ファーガソンとの対戦 刺激的
アーセナルとマンチェスター・ユナイテッド(マンU)は、現在のイングランド・プレミアリーグを代表する強豪だ。過去10シーズンでマンUが7度リーグ優勝すれば、アーセナルは昨季も含め、リーグとFA(イングランド協会)杯の2冠を2度達成。共に名将と呼ばれるアーセナルのアーセン・ベンゲル監督(53)(元名古屋監督)と、マンUのアレックス・ファーガソン監督(61)は、マスコミを通じて激しい舌戦を展開するなど、ライバル関係にあることで知られる。
◇
今月15日に行われたFA杯5回戦で、宿敵マンUに2―0の勝利を収めたべンゲル監督が、ファーガソン監督との対決の歴史を振り返る。
――1996年9月の就任以来、あなたの行く手には常にマンUが立ちはだかっている。この因縁の対決をどう思うか。刺激的? ストレス?

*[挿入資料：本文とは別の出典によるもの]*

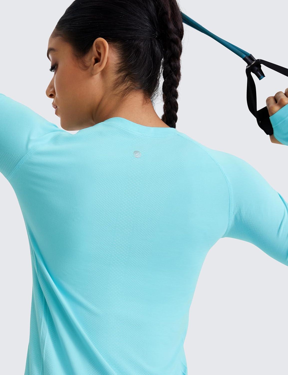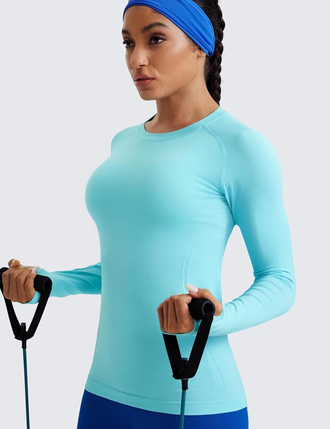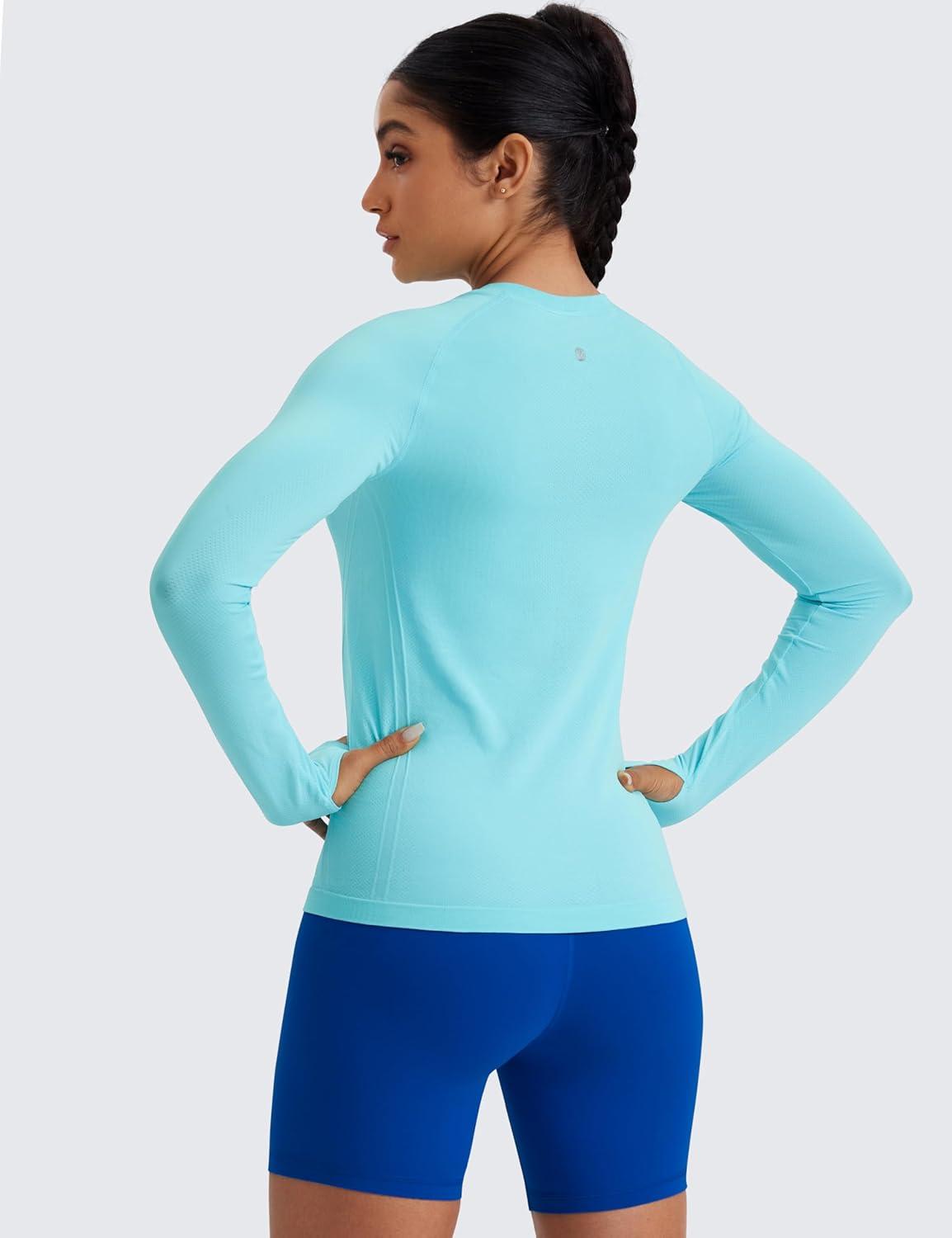 CRZ YOGA Seamless Long Sleeve Shirts for Women Hip – Workout Athletic Running Gym Yoga Tops Breathable Crew Neck T-Shirt(Turquoise)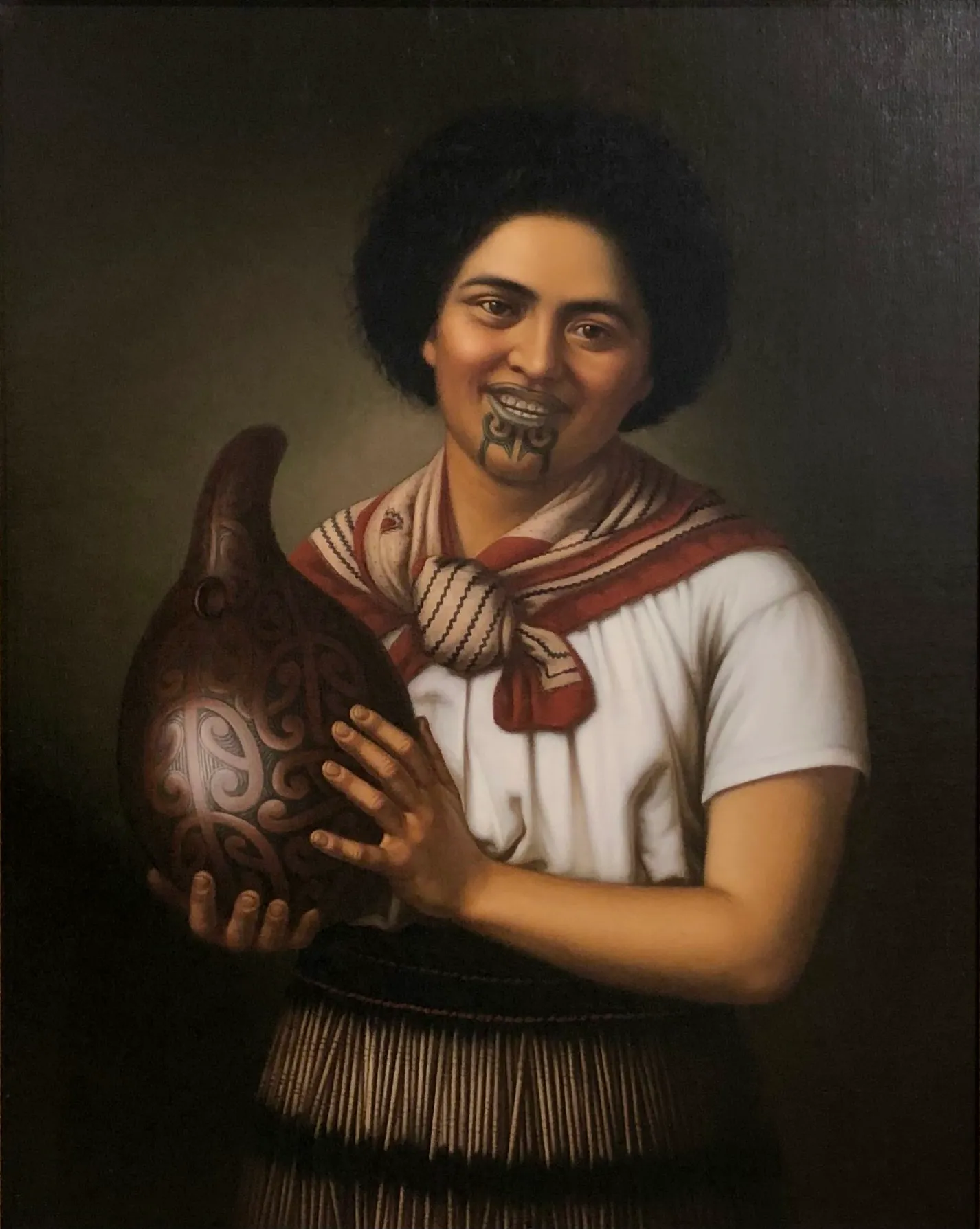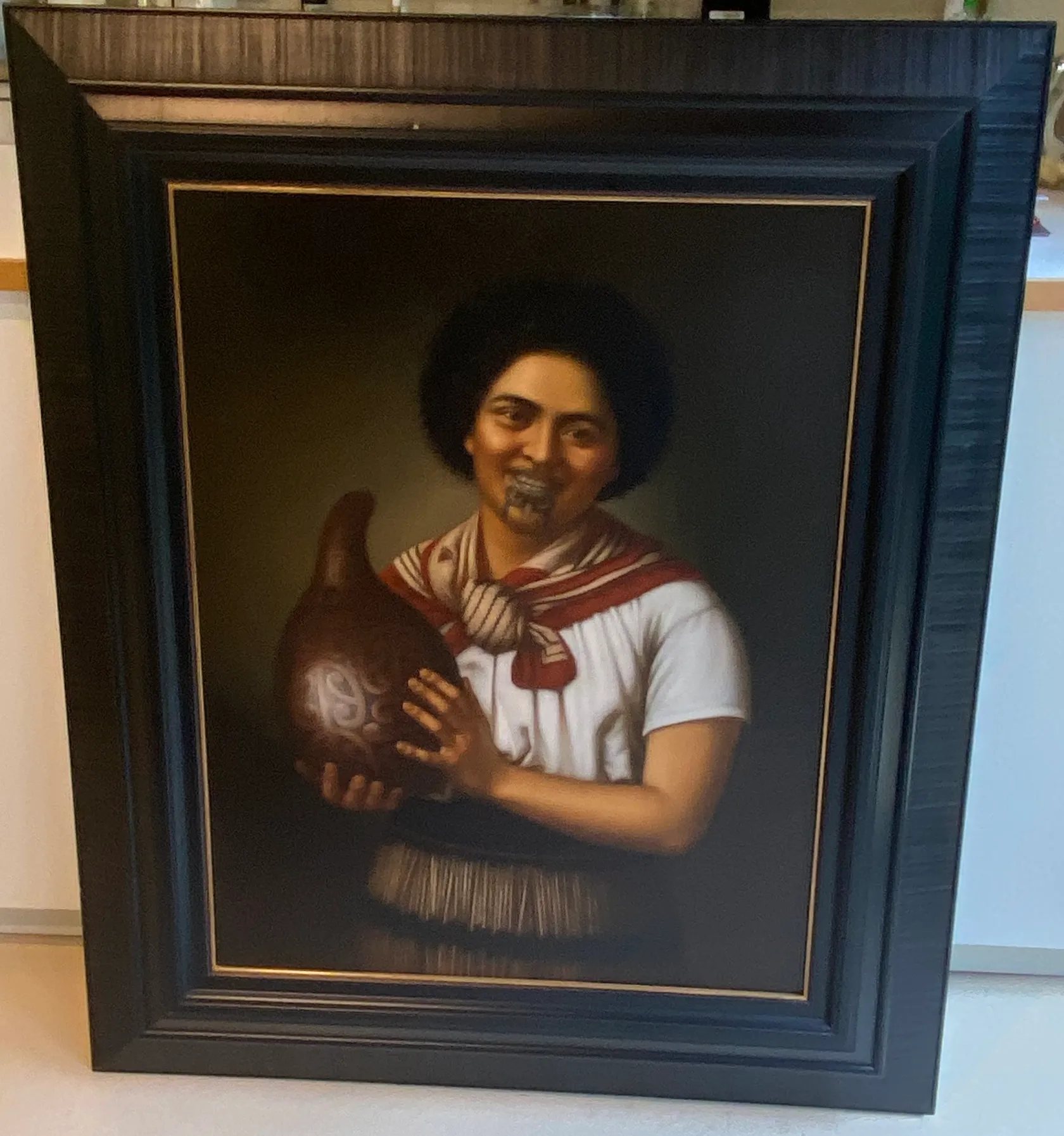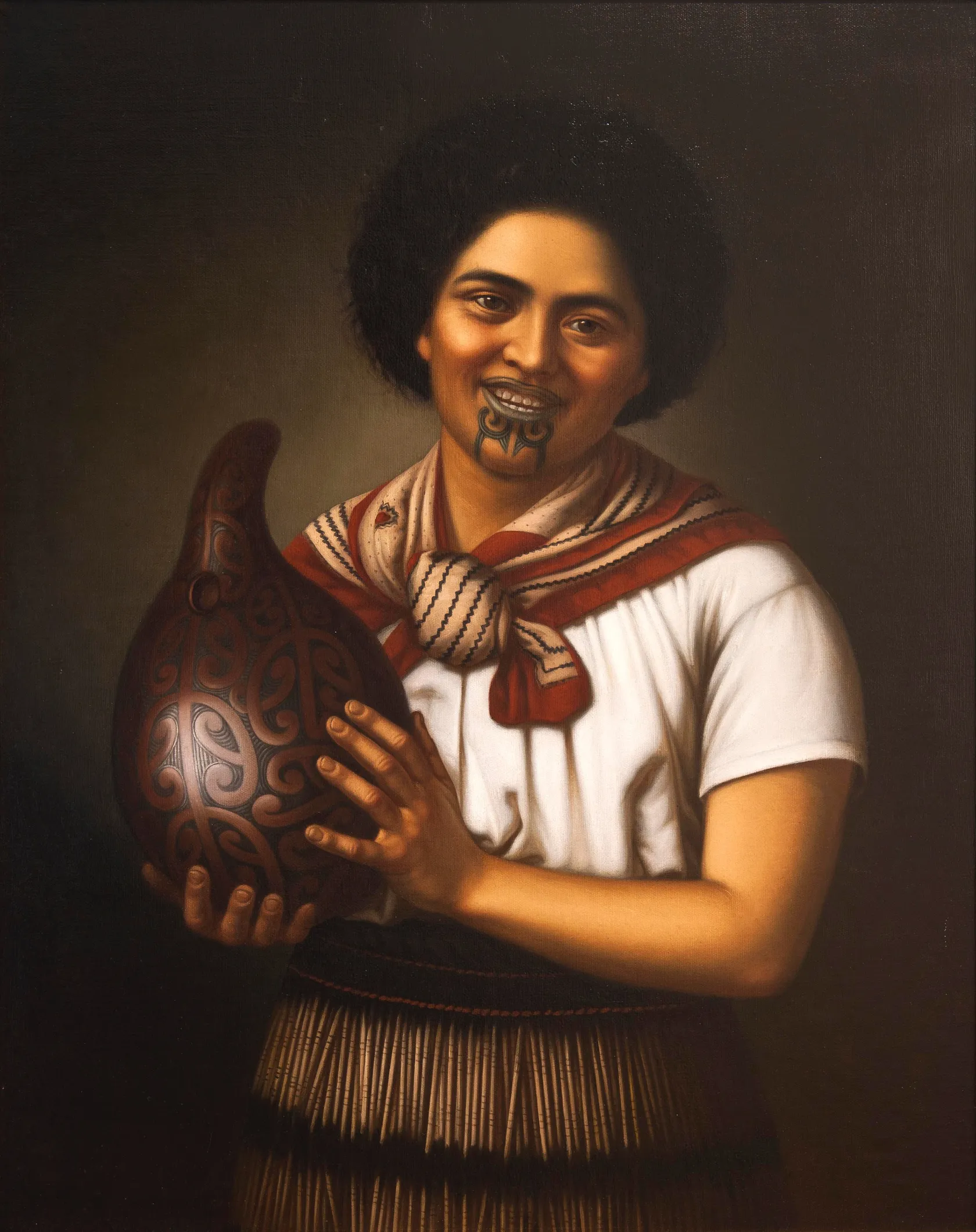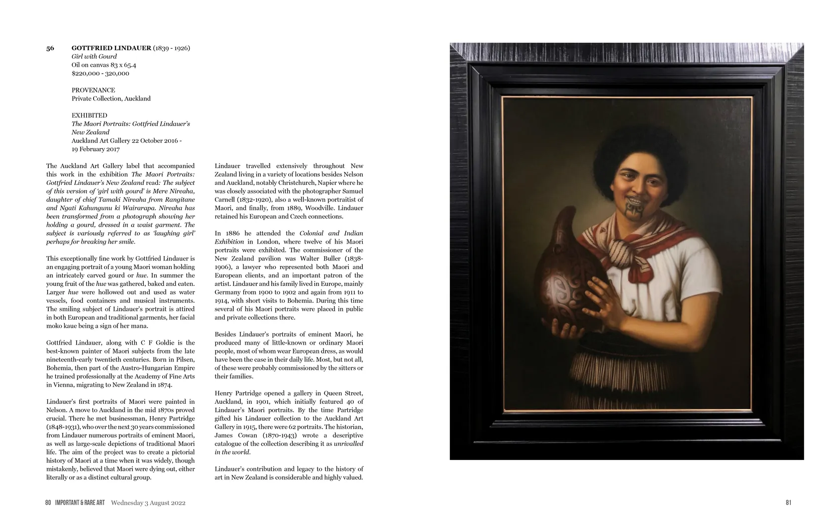 The Auckland Art Gallery label that accompanied this work in the exhibition The Maori Portraits: Gottfried Lindauer’s New Zealand read: The subject of this version of ‘girl with gourd’ is Mere Nireaha, daughter of chief Tamaki Nireaha from Rangitane and Ngati Kahungunu ki Wairarapa. Nireaha has been transformed from a photograph showing her holding a gourd, dressed in a waist garment. The subject is variously referred to as ‘laughing girl’ perhaps for breaking her smile. This exceptionally fine work by Gottfried Lindauer is an engaging portrait of a young Maori woman holding an intricately carved gourd or hue. In summer the young fruit of the hue was gathered, baked and eaten. Larger hue were hollowed out and used as water vessels, food containers and musical instruments. The smiling subject of Lindauer’s portrait is attired in both European and traditional garments, her facial moko kaue being a sign of her mana. Gottfried Lindauer, along with C F Goldie is the best-known painter of Maori subjects from the late nineteenth-early twentieth centuries. Born in Pilsen, Bohemia, then part of the Austro-Hungarian Empire he trained professionally at the Academy of Fine Arts in Vienna, migrating to New Zealand in 1874. Lindauer’s first portraits of Maori were painted in Nelson. A move to Auckland in the mid 1870s proved crucial. There he met businessman, Henry Partridge (1848-1931), who over the next 30 years commissioned from Lindauer numerous portraits of eminent Maori, as well as large-scale depictions of traditional Maori life. The aim of the project was to create a pictorial history of Maori at a time when it was widely, though mistakenly, believed that Maori were dying out, either literally or as a distinct cultural group. Lindauer travelled extensively throughout New Zealand living in a variety of locations besides Nelson and Auckland, notably Christchurch, Napier where he was closely associated with the photographer Samuel Carnell (1832-1920), also a well-known portraitist of Maori, and finally, from 1889, Woodville. Lindauer retained his European and Czech connections. In 1886 he attended the Colonial and Indian Exhibition in London, where twelve of his Maori portraits were exhibited. The commissioner of the New Zealand pavilion was Walter Buller (1838- 1906), a lawyer who represented both Maori and European clients, and an important patron of the artist. Lindauer and his family lived in Europe, mainly Germany from 1900 to 1902 and again from 1911 to 1914, with short visits to Bohemia. During this time several of his Maori portraits were placed in public and private collections there. Besides Lindaeur’s portraits of eminent Maori, he produced many of little-known or ordinary Maori people, most of whom wear European dress, as would have been the case in their daily life. Most, but not all, of these were probably commissioned by the sitters or their families. Henry Partridge opened a gallery in Queen Street, Auckland, in 1901, which initially featured 40 of Lindauer’s Maori portraits. By the time Partridge gifted his Lindauer collection to the Auckland Art Gallery in 1915, there were 62 portraits. The historian, James Cowan (1870-1943) wrote a descriptive catalogue of the collection describing it as unrivalled in the world. Lindauer’s contribution and legacy to the history of art in New Zealand is considerable and highly valued.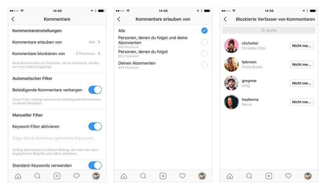 Auch lassen sich unangebrachte Kommentare nun blockieren. Bereits im Juni hat Instagram einen Filter angekündigt, der bestimmte beleidigende Kommentare automatisch blockiert. Das ganze funktionierte allerdings bisher nur auf Englisch, jetzt startet die Funktion in weiteren Sprachen – auch auf deutsch.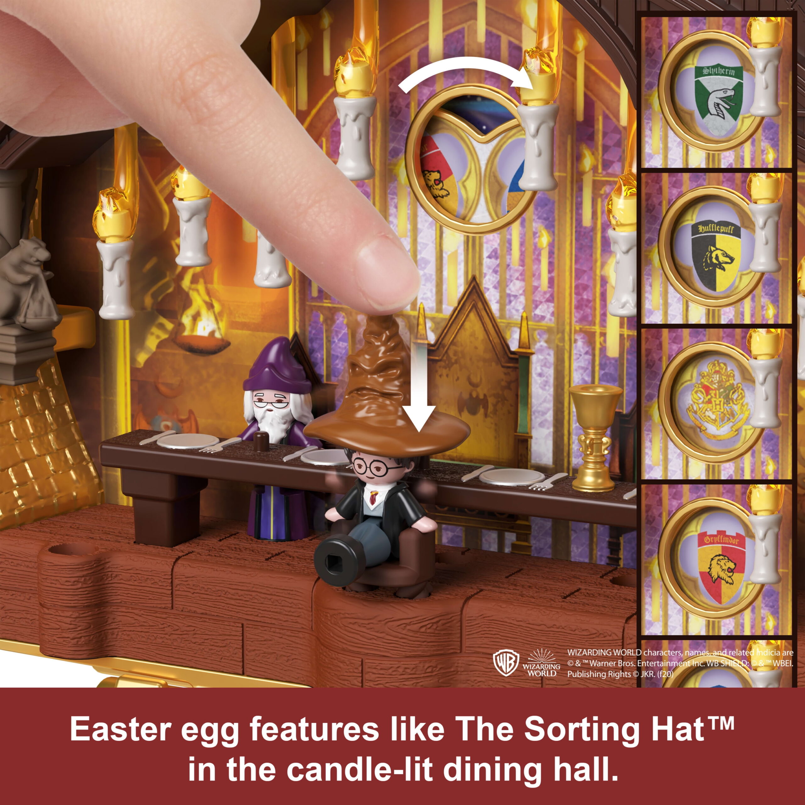 Polly Pocket brings the beloved story of Harry Potter to life in micro form! The 3-D Hogwarts exterior opens to reveal four iconic scenes from the first movie, the Sorcerer’s Stone. Fans can recreate the journey to Hogwarts with Harry Potter, Ron, and Hermione at King’s Cross station. The eleven accessories and fun features offer Easter egg details and play and display moments that capture popular scenes: use the sorting hat in the great hall or have a feast with Professor Dumbledore and Professor McGonagall. Don’t forget Hedwig! This collectible compact is ideal for Harry Potter and Polly Pocket fans alike. Colors and decorations may vary.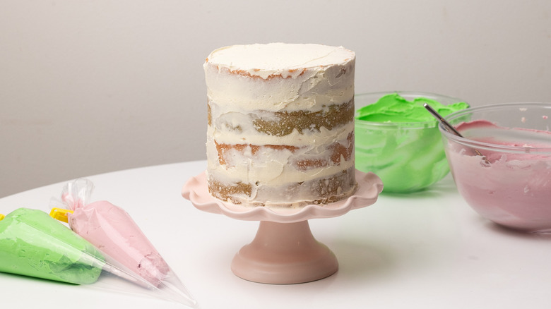 - Using the remaining plain buttercream, coat the entire cake in a thin layer and smooth it out to form a crumb coating. Transfer the cake to the fridge for at least 20 minutes for the crumb coating to harden.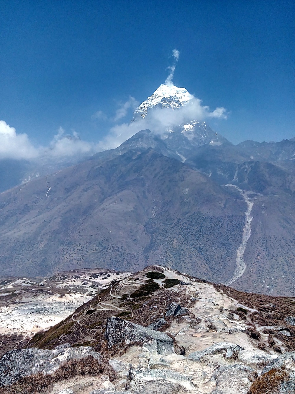 А вниз спускаться мне совсем не захотелось... Но! Оказывается после ЭБЛ можно пойти дальше наверх - там будет несколько смотровых площадок и базовый лагерь Пумори. Идти где-то 1,5 часа в одну сторону. Не пошла, ибо было поздно (~12), облака и сильный ветер. Но если бы знать заранее или иметь в запасе лишний день или вместо Калапатара... Странно, что ни на бумажной карте, ни на мапс.ми этой тропы нет. Но тем интереснее!
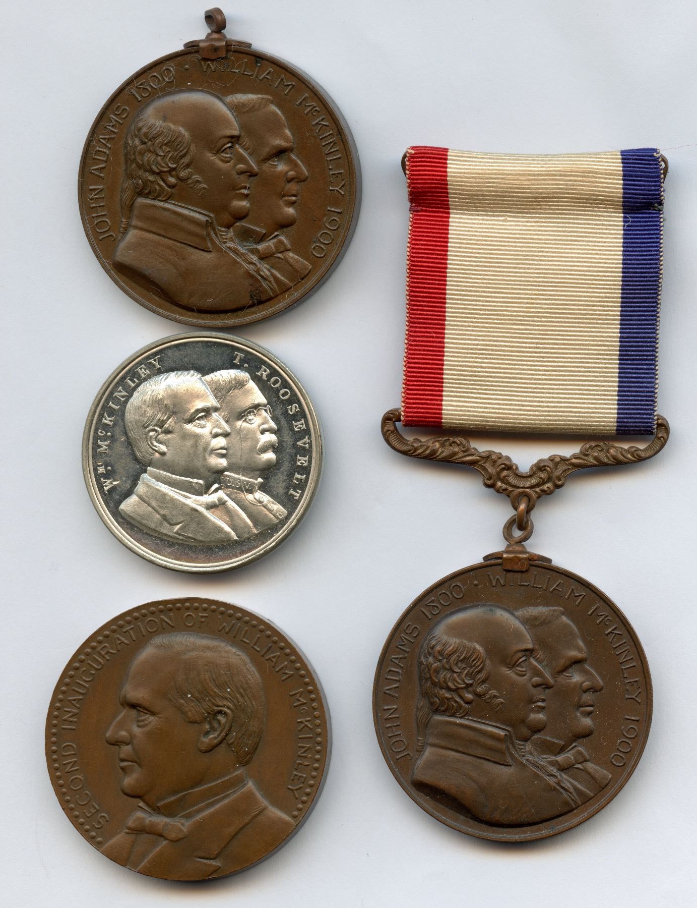 1.) 1901 William McKinley Second Inauguration medal in bronze. 2.) 1900 Centennial of the Establishment of Washington, DC. 3.) As last, with ribbon and pin. 4.) 1901 McKinley-Roosevelt Inaugural medal in white metal by George Morgan. 38mm. 4 pcs.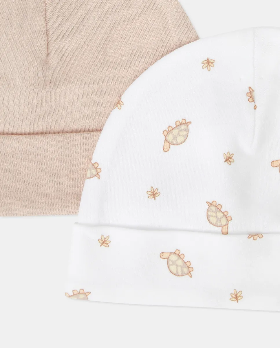 Набор, состоящий из двух шапок: одной однотонной и одной с принтом.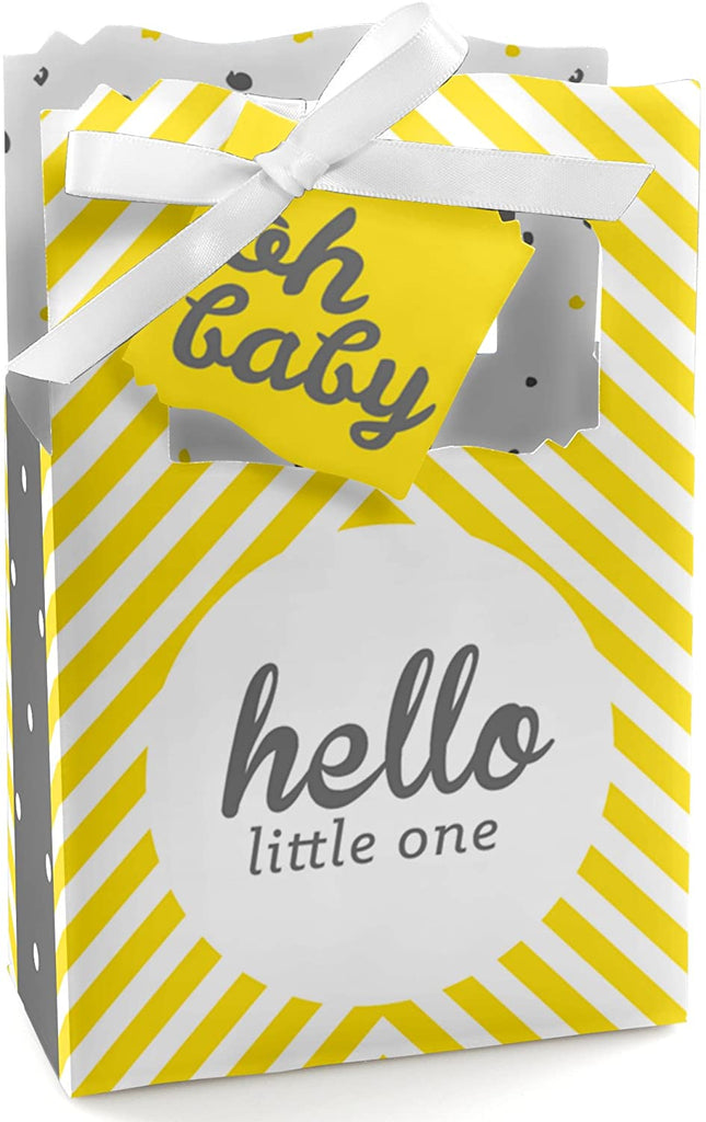 Hello Little One - Yellow and Gray - Neutral Baby Shower Party Favor Boxes - Set of 12

「刺激的だね。私が6年余り前にここに来たころは、マンUがイングランドのサッカー界に君臨していた。彼らは90年代初頭に画期的なレベルアップを果たしていた。我々にとっては96年時点で既にライバルだった。以来、マンUはリーグ優勝4回(96―97、98―99、99―2000、00―01)、我々は2回(97―98、01―02)優勝している」
「年によって、ついたり離れたりしながらも、競り合ってきた。こうしたライバル関係が何年も続くのは刺激になる。向こうが上にいるときは、こちらが奮起するし、こちらが勝っていれば向こうが巻き返す」
――アーセナルとマンUの対決は、まずベンゲルとファーガソンの対決だといえる。相反する性格とサッカーに関するコンセプト。でも目標は同じく勝つことにある……。この力関係について語ってほしい
「サラダの中に唐辛子が入っているようなもの。時がたつにつれて、互いに本当の意味で尊敬できるようになったと思う。最初は反発のようなものがあった。お互いにね。それ以降は、同じ相手といつも戦っていれば一種の敬意が生まれるもの。相手のやり方に寛容になる、というのか。相手の構築したものが実績を上げているわけだから。今ではお互いに敬意を持っているといえると思う」
――数年前に「イングランドの選手でスカウトするなら誰」という質問に「ベッカムとスコールズ(共にイングランド代表MF)」と答えている。今聞かれても同じ答えか
「概してマンUはまだ、90年代に登場した選手たちに支えられている。彼らの中で2人だけ選ぶとすれば、やはりベッカムとスコールズだろう。2人ともとても成熟しており、例外なく力を発揮できる選手だ。必ず役に立ってくれる」
――今年のチーム編成には満足しているか。マンUと比較してどうか
「優秀な選手が20人そろったバランスのいいチームだ。行けるところまで行く準備はできている(現在はプレミアリーグで2位マンUに勝ち点5差をつけて首位、FA杯は準々決勝進出、欧州チャンピオンズリーグでは2次リーグB組2位と、3冠も狙える位置にいる)。マンUの方は、今季は守備が良くない。ブラウンとファーディナンド(共にイングランド代表DF)が同時に負傷したから」
「ファーディナンドといえば、私ならセンターバック一人に3000万ポンド(約56億7000万円)も出さないだろう。第一、資金がない。でもうらやましいとは思わない。手持ちの資金に応じて成功を評価することが大切。アーセナルより小さいクラブなら、私が成功に足る資金を持っているとうらやむかもしれないが」
――マンUというブランドが、イングランド・サッカーのいわばトレードマークとして世界的に有名になっていることが彼らに大きな経済力をもたらしているが、うらやましくないか
「別に平気。彼らの商業的なスケールは今のところうちより上だが、アーセナルのブランドも知られてきている。それにピッチの上での成功と、認知度には時間的なずれがあるからね」
(取材/グザヴィエ・リヴォワール、翻訳/大沢 信子、監修/小谷 泰介)
(仏・レキップ=本紙特約)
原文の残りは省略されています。